José Miguel Martins, recentemente empossado PCA da Imobiliária, Fundiária e Habitat, S.A. (IFH), faz um ponto de situação sobre estas casas e garante que dentro de um par de meses o panorama será “completamente diferente”.
Quem passa pelos empreendimentos habitacionais, muitas vezes enormes, e aparentemente prontos-a-habitar do antigo Casa para Todos, não deixa de ficar surpreendido com a ausência de vida neles. Casas e casas de interesse social que parecem não estar a cumprir o seu papel de proporcionar uma habitação condigna a quem dela precisa. A ânsia social perante tal facto é, reconhece o PCA da IFH, legítima.

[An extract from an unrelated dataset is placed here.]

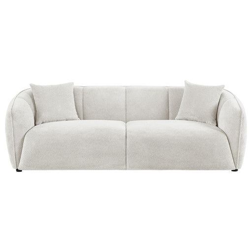 CoasterSofa with rounded shelter arms and textured chenille upholstery brings sculpted comfort to the living room. Gentle vertical channeling across the i...

Contudo, conhecendo os processos, em cada caso há uma justificação para a demora na ocupação dos fogos. E a ocupação que tarda, na maior parte dos municípios, está prestes a chegar ao fim. Garantia da IFH e também da maior parte das Câmaras Municipais contactadas pelo Expresso das Ilhas.
“Entendemos a pressão social existente, entendemos que se possa politizar este aspecto e, portanto estamos a tentar actuar rapidamente para tentarmos afastar do período das eleições, mas estamos sujeitos aos timings, que não conseguiremos antecipar” considera José Miguel Martins.
Aliás, sobre uma eventual demora deliberada na entrega, por forma a tirar dividendos partidários na campanha autárquica do próximo ano, José Miguel Martins demarca a IFH de qualquer estratégia política, mas considera que não será esse o motivo.
“A política não passa por nós, mas o conhecimento do processo permite-me dizer que não acredito que seja essa a razão, não acredito que seja esse o entrave”, avalia.
De qualquer modo, a opção de passar a gestão das Casas Classe A para as Câmaras Municipais terá sido a “ideal”, devido à proximidade à população e serviços de acção social que as mesmas possuem. E “se a IFH fosse comportar tudo isso, a sustentabilidade financeira da IFH seria posta em causa e teríamos aqui uma empresa a dar problemas ao Estado, tal como outras empresas. Seria, inclusive, um condicionamento na relação com os parceiros internacionais, pelo eventual recurso ao erário público”, acrescenta o engenheiro.
Centenas de casas (ainda) por habitar
Há então, de acordo com os intervenientes, boas soluções para todos. Há boa-vontade. O que se passa então? Das 2.242 que foram passadas para o Estado e estão sob gestão das Câmaras Municipais apenas cerca de metade (1.300) já estão distribuídas, sendo que o contrato de arrendamento se mantém. E as outras?
As restantes estão já quase todas acabadas, pelo menos a nível da construção.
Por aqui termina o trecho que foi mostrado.